To return to a statement made earlier, the remote sector of the industry in Ontario has survived this long only where it has managed to remain truly remote. Limited access, with its related controlled harvesting of fish and wildlife, and minimum aesthetic and noise disruption, has been our guarantee of sustaining high quality experiences and satisfying the world demand for something special.

Where uncontrolled access has been created through logging roads and other harvest/silvicultural/tending practices, it has a direct influence on the pressures exerted on fish and wildlife and the habitat they require for long-term survival. While we fully recognize the desire and the privilege of all residents of Ontario to share in our joint bounty, we must also accept the joint responsibility for management of those resources and therein lies the crunch!

As the timber industry has, of necessity, encroached upon more and more of our Crown Lands for the purpose of feeding the mills, it has been followed by increased public pressure on fish and wildlife resources (with predictable consequences on the quality and sustainability of those resources). Furthermore, we are facing the brutal fact that there are no more hills to cross and no more lakes to access, except those traditionally occupied by the remote tourism industry.

And the “conflicts” begin.

But are these conflicts over resource use the real issue? Or are we deluding ourselves and evading the real issue of the need for committed strategic planning for long-term sustainable social, economic and environmental benefits for all of us in Ontario, and particularly Northern Ontario?

It would seem that the time has come to re-evaluate what we really have to work with here in the North. We must decide what we want our whole environment to be like fifty or one hundred years from now, and make the necessary decisions to force our governments into a serious commitment. And we have to do that together, with active participation from our communities, our industries, our people and our governments.

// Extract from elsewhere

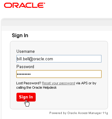 Enter the Username (which in this tutorial is bill.bell@oracle.com).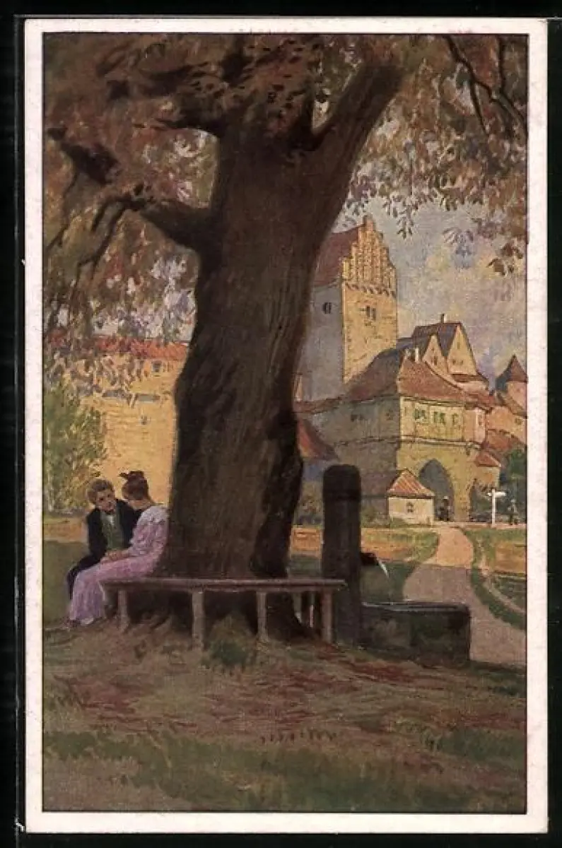 Künstler-AK Paul Hey: Paar auf einer Bank, Verein für das Deutschtum im Ausland

In summary, the remote tourism industry is part of the backbone of Northern Ontario. It is the reason why thousands of guests each year bypass the white beaches and crowded resorts south of us; why they choose the call of the loon over traffic noises; why they bring their children to experience the thrill and sweetness of real wilderness; and, why we as Ontarians can be a little bit smug in knowing that on a world-wide scale, we really do have something that nobody else has, and that we too can enjoy!

Are we willing to make the necessary commitments to ensure that we keep it? The buck stops here and now. It is our joint responsibility to work together for a high quality future.